Я ненавидела Айзека за то, что заставил меня это сделать. И ненавидела его за условие моей операции. Я обратилась к интернету в поисках других хирургов, которые могли бы удалить опухоль. Их было в изобилии. Рак сейчас в моде. Я обнаружила сайты, где были их фотографии, какую медицинскую школу окончили, как их оценивали бывшие пациенты. «Пять звёзд доктору Стеттерсону из Беркли! Он уделил время, чтобы узнать меня, как человека, а не просто оперировал как подопытного кролика!» «Четыре звезды доктору Майсфелд. Его подход был жёстким, но рак исчез». Это было похоже на чёртов сайт знакомств. Ужасно. Я быстро закрыла окно и решила попробовать психолога, к которому Айзек заставил меня обратиться. В этот момент только одно могло успокоить меня — знание, что именно он будет вырезать опухоль из моего тела. Не просто какой-то незнакомец, а незнакомец, который спал на моём диване и кормил меня. — Давайте поговорим о Ваших последних отношениях, — произнесла Сапфира. — Зачем? Почему мы должны анализировать моё прошлое? Я ненавижу его. — Для того чтобы узнать, кем человек является в настоящий момент, полагаю, нужно для начала узнать, кем он был раньше. Я ненавидела то, как она выстраивала свои слова. Нормальный человек сказал бы, что для начала нужно узнать, кем он был. Сапфира смешивала всё. Бросала в меня. Использовала своё произношение «р» в качестве оружия. Она как мурлыкающий дракон. Женщина воспользовалась моим колебанием, снова царапая что-то ручкой в блокноте. — Его зовут Ник. — Я взяла свой нетронутый кофе и развернула чашку в руках. — Мы были вместе в течение двух лет. Он писатель. Мы встретились в парке. Расстались потому, что парень хотел жениться, а я нет. — Немного правды. Это как посыпать искусственный подсластитель на горькие фрукты.

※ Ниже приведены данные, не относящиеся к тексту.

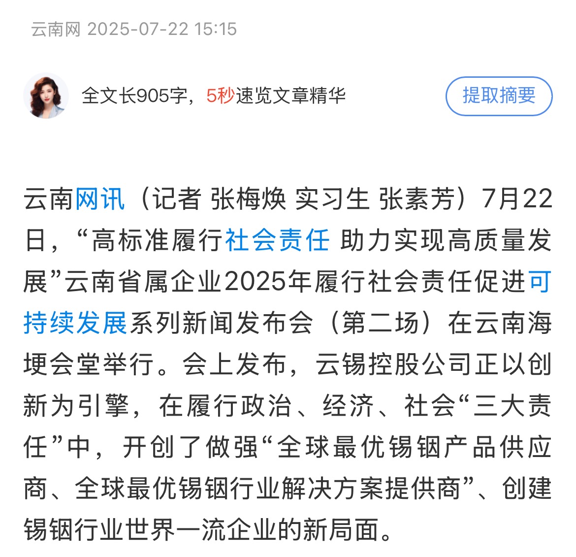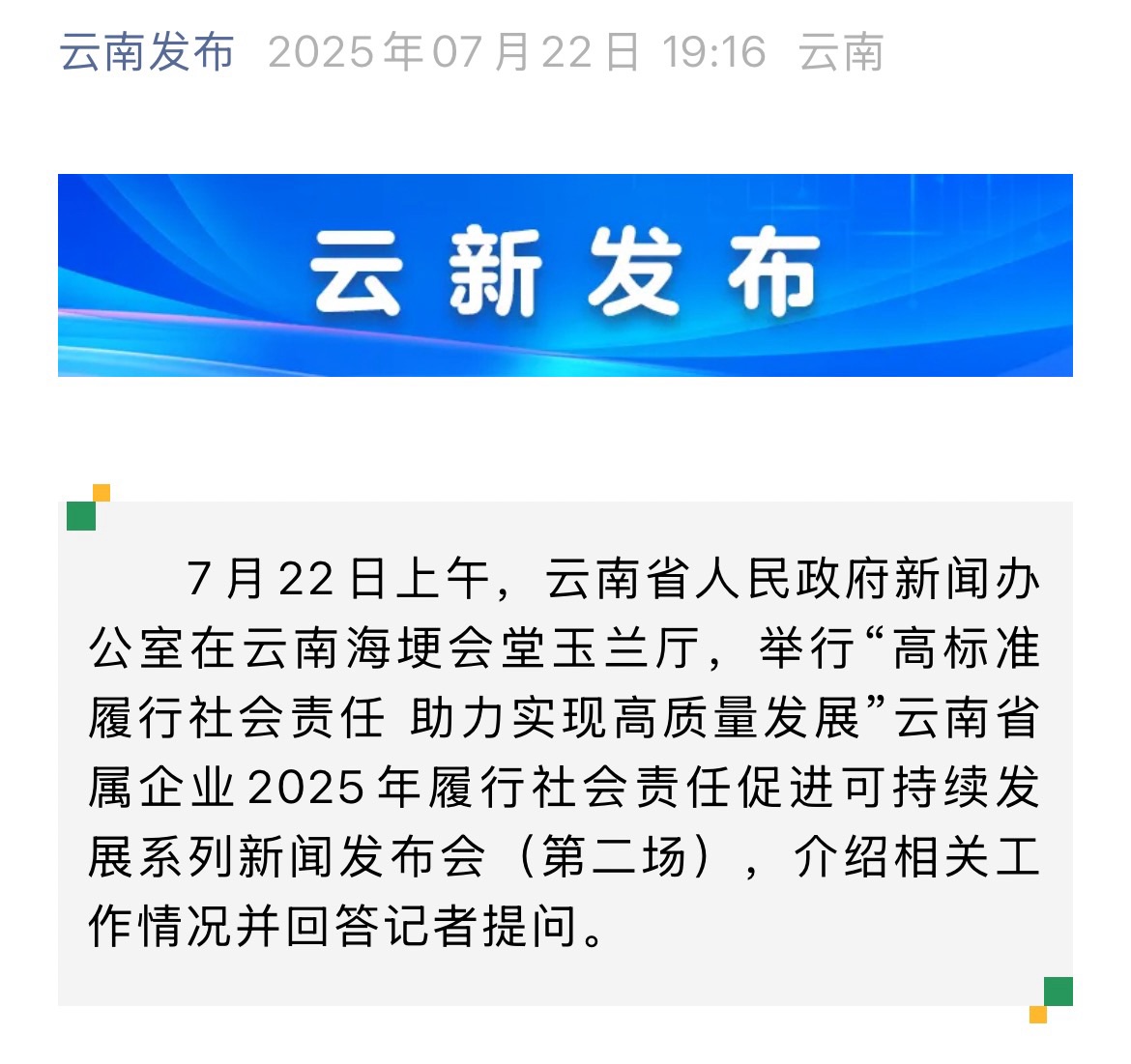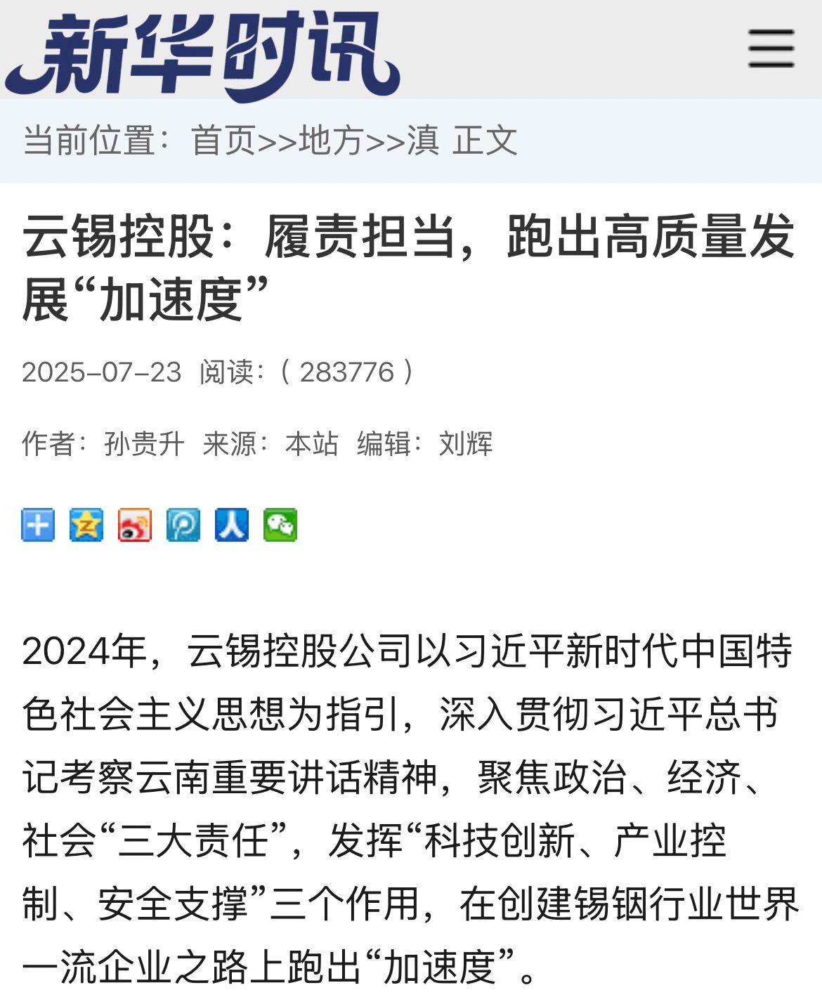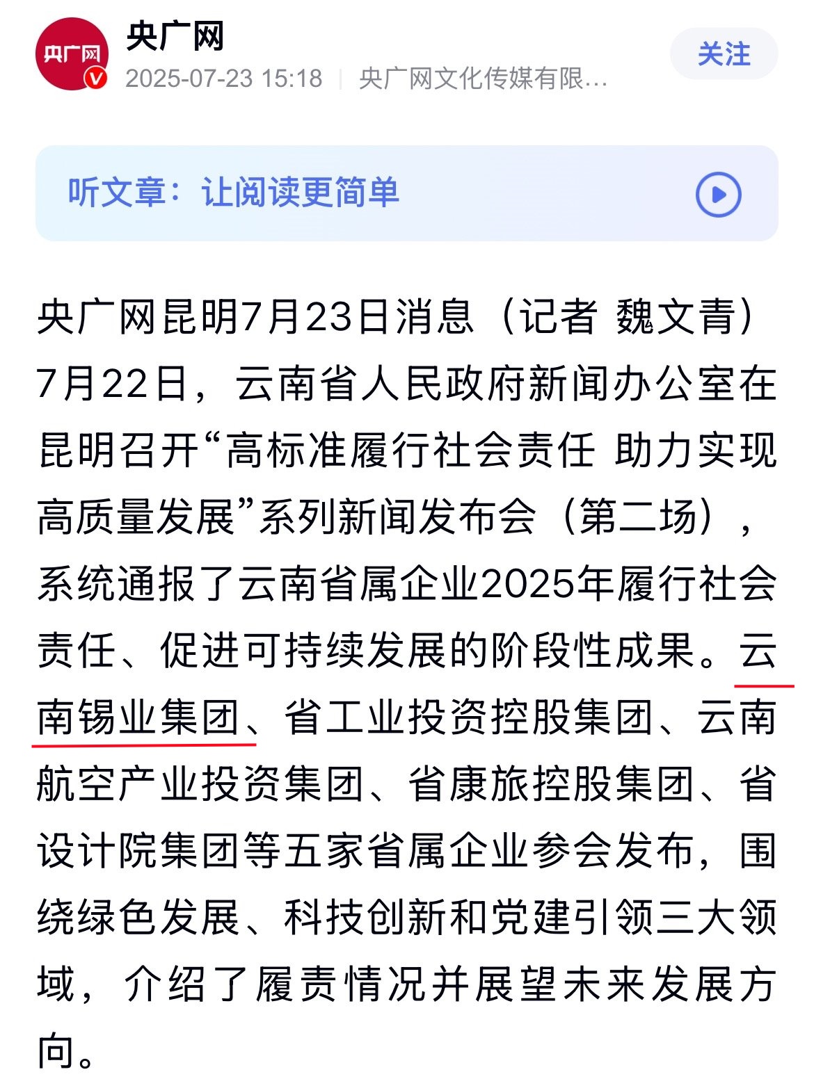 鏈接:(央廣網(wǎng))、(央視影音)、(新華網(wǎng))、(新華時訊)、(中國日報網(wǎng))、(中國新聞網(wǎng))、(中國網(wǎng))(云南新聞聯(lián)播)、(云南衛(wèi)視晚間新聞)、(云南發(fā)布)、(云南日報)、(云南日報-云新聞)、(云南網(wǎng))、(七彩云端)、(云南省人民政府)、(云嶺先鋒網(wǎng))、(云南國資)、(云南政協(xié)報)、(有色金屬報)、(有色新聞)、(騰訊新聞)、(今日頭條)、(搜狐)、(網(wǎng)易)、(新浪微博)、(新浪財經(jīng))、(都市時報)、(國泰君安)、(昆明日報)、(春城晚報)、(昆明信息港)、(開屏新聞)
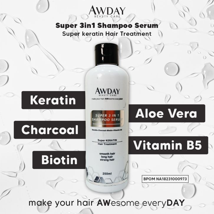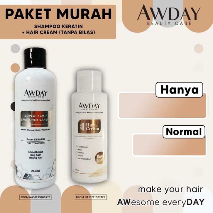 AWDAY BUNDLING PAKET SUPER HEMAT 3in1 Shampoo SUPER KERATIN dan Hair Cream All in 1 Conditioner
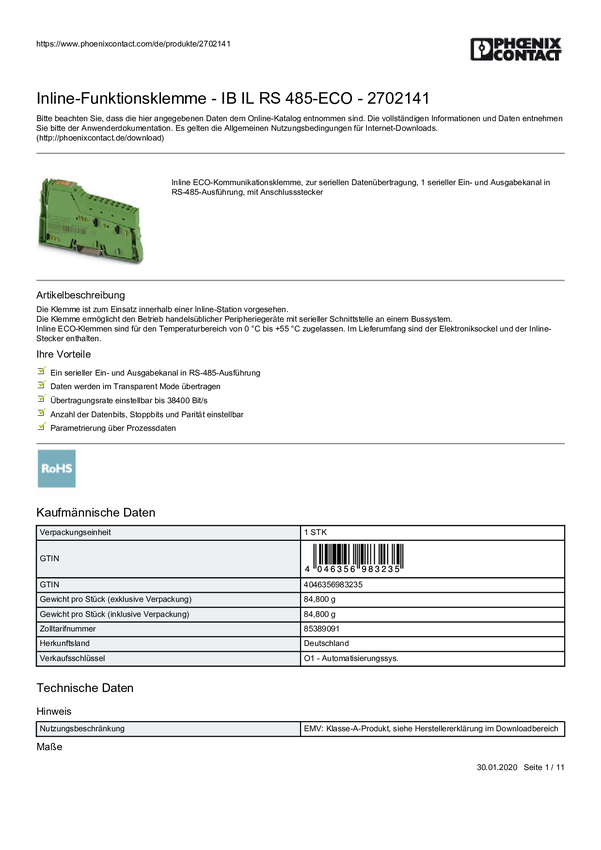 Zacisk funkcyjny Phoenix Contact IB IL RS 485-ECO 2702141, 1 szt.
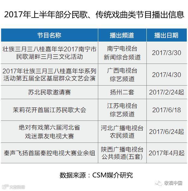 中老年观众是许多地面频道的重度观众,民歌、戏曲节目也是他们喜闻乐见的形式。2017年上半年,广西壮族的三月三歌节、江苏的民歌赛事、河北陕西等地的传统戏曲节目等多档节目的收视表现突出。
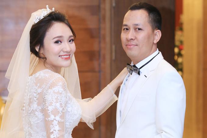 Nhật Thủy và ông xã Ngô Quỳnh trong lễ cưới hồi tháng 11/2017.
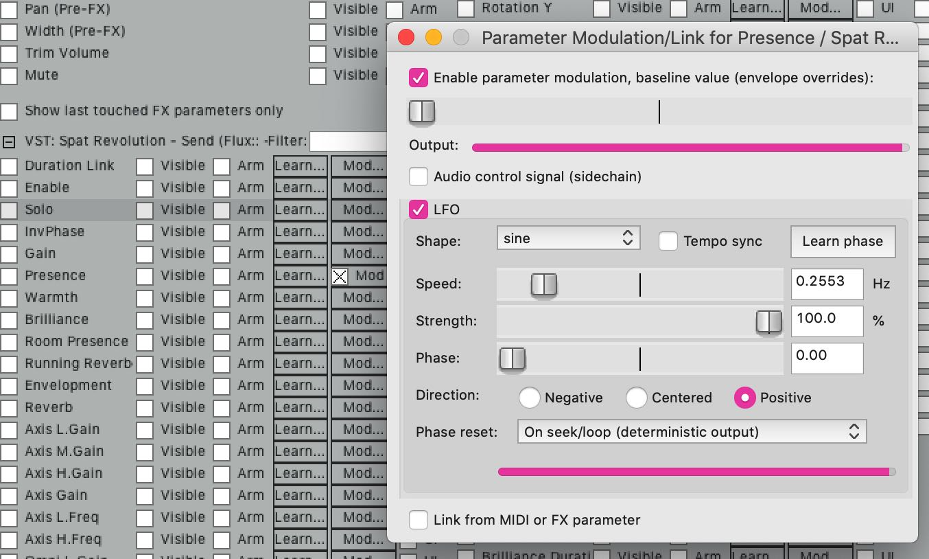 In Reaper, mapping any MIDI controllers (including 14-bit) to a Plug-In parameter is easy. This is a great way to control source properties like Azimuth or Yaw using external MIDI controllers, so you can control some sources live by hand during a performance or while mixing for example.
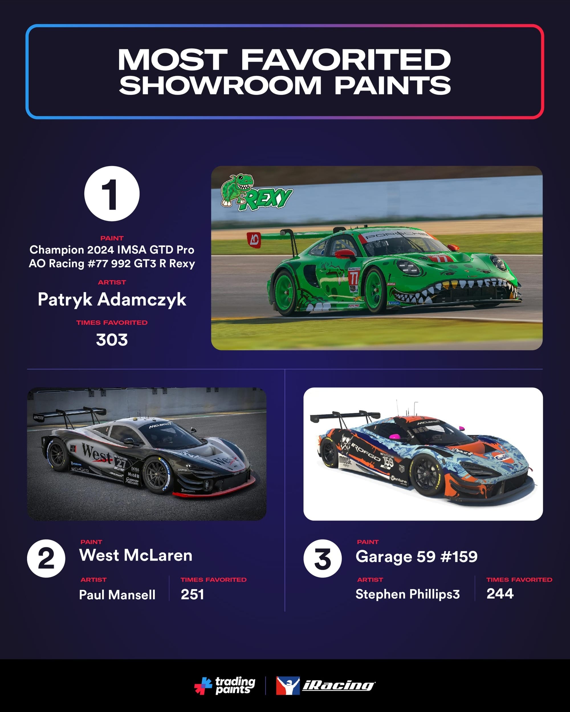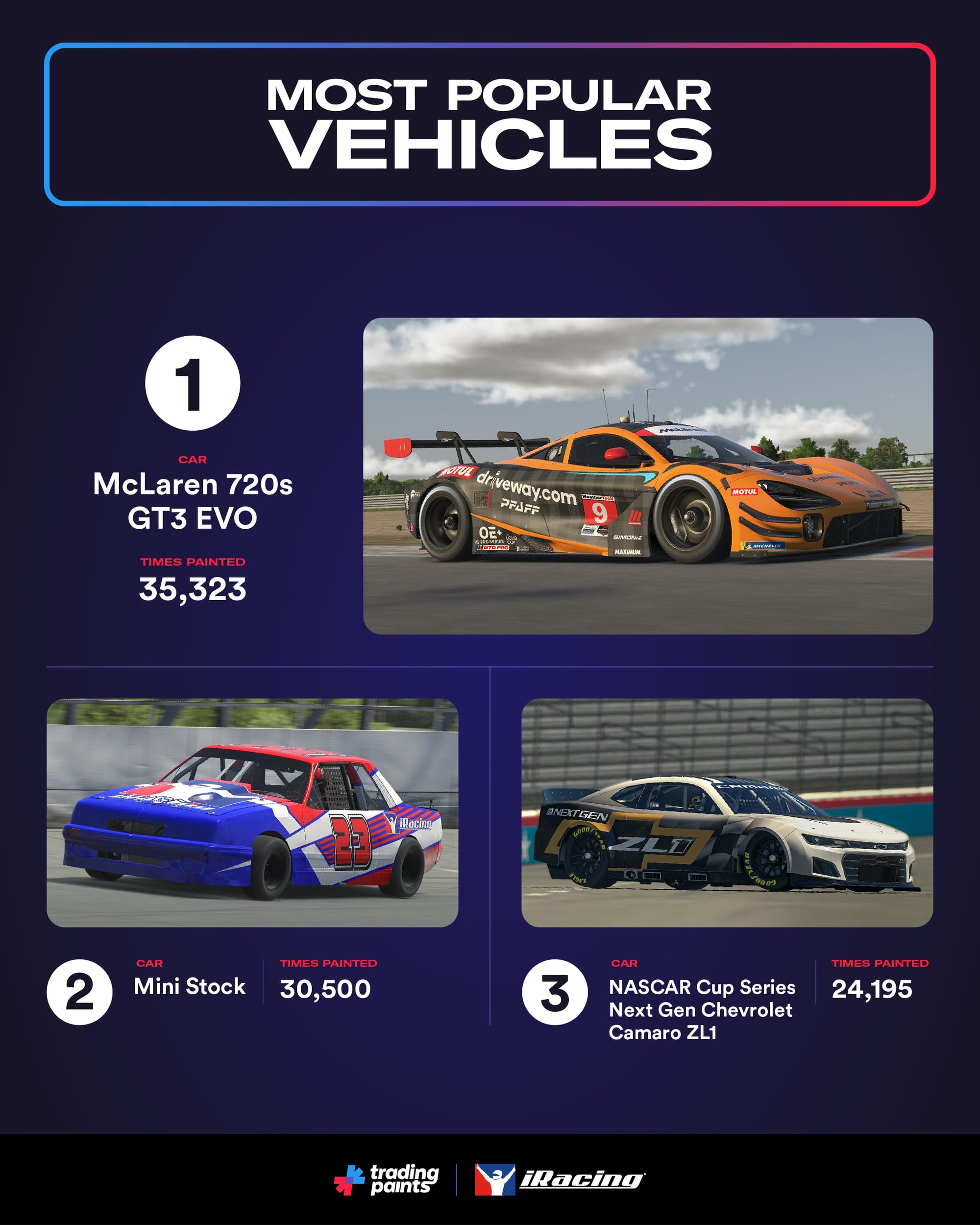 Perhaps unsurprisingly, new cars were the most popular vehicles on Trading Paints again in Season 4. The McLaren 720s GT3 EVO had 35,323 paints assigned, just ahead of the Mini Stock, painted 30,500 times. The good ol’ NASCAR Cup Series Next Gen Chevrolet Camaro ZL1 was third.
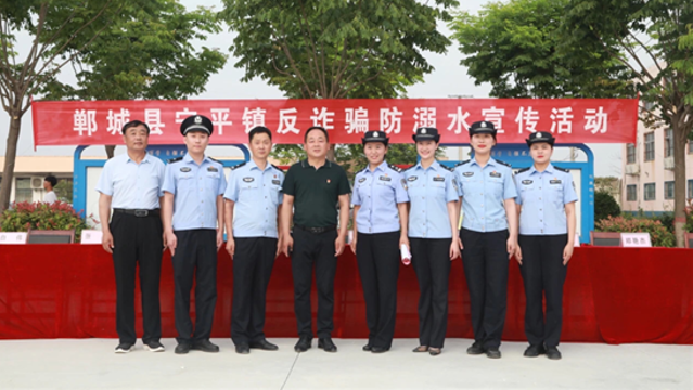 近日,鄲城縣公安局女子反詐宣傳隊負責人王冰等與縣公安局反詐中心民警一起,來到寧平一中,開展反詐騙、防溺水宣傳。寧平鎮(zhèn)鎮(zhèn)長王樹勤參加活動。
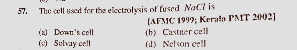 The cell used for the electrolysis of fused NaCl is (a) Down’s cell (b) Castner cell (c) Solvay cell (d) Nelson cell The cell used for the electrolysis of fused NaCl is (a) Down's cell (b) Castner cell (c) Solvay cell (d) Nelson cell November 13, 2020 Category: Uncategorised (JEE Advanced Physics by BM Sharma + GMP Solutions) , Facebook Messenger WhatsApp Share this:TwitterFacebook Related
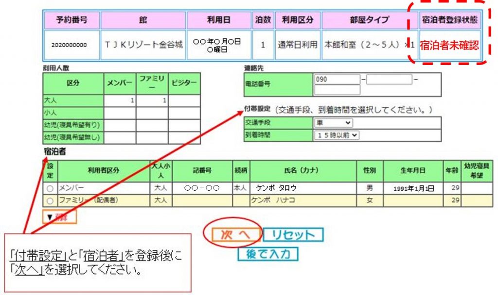 ④ 「付帯設定」と「宿泊者」を登録後に、「次へ」を選択してください。
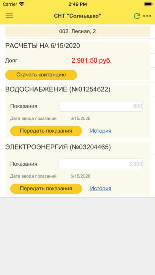 Приложение поможет председателям оперативно передавать необходимую информацию о начисленных взносах, квитанции об оплате владельцам участков, а владельцы участков в любой момент без необходимости личного похода к председателю или бухгалтеру передать показания счетчиков, получить квитанции и отслеживать начисления.

Я откинулась назад, удовлетворённая тем, что заполнила встречу достаточным количеством информации, чтобы удовлетворить дракона Сапфиру. Она подняла брови, что можно было счесть приглашением продолжить разговор. — Вот и всё, — отрезала я. — Я в порядке. Он в порядке. Жизнь продолжается. — Я вытащила прядь волос и, погладив, вернула её обратно за ухо. — Где сейчас Ник? — спросила она. — Вы поддерживаете контакт? Я покачал головой.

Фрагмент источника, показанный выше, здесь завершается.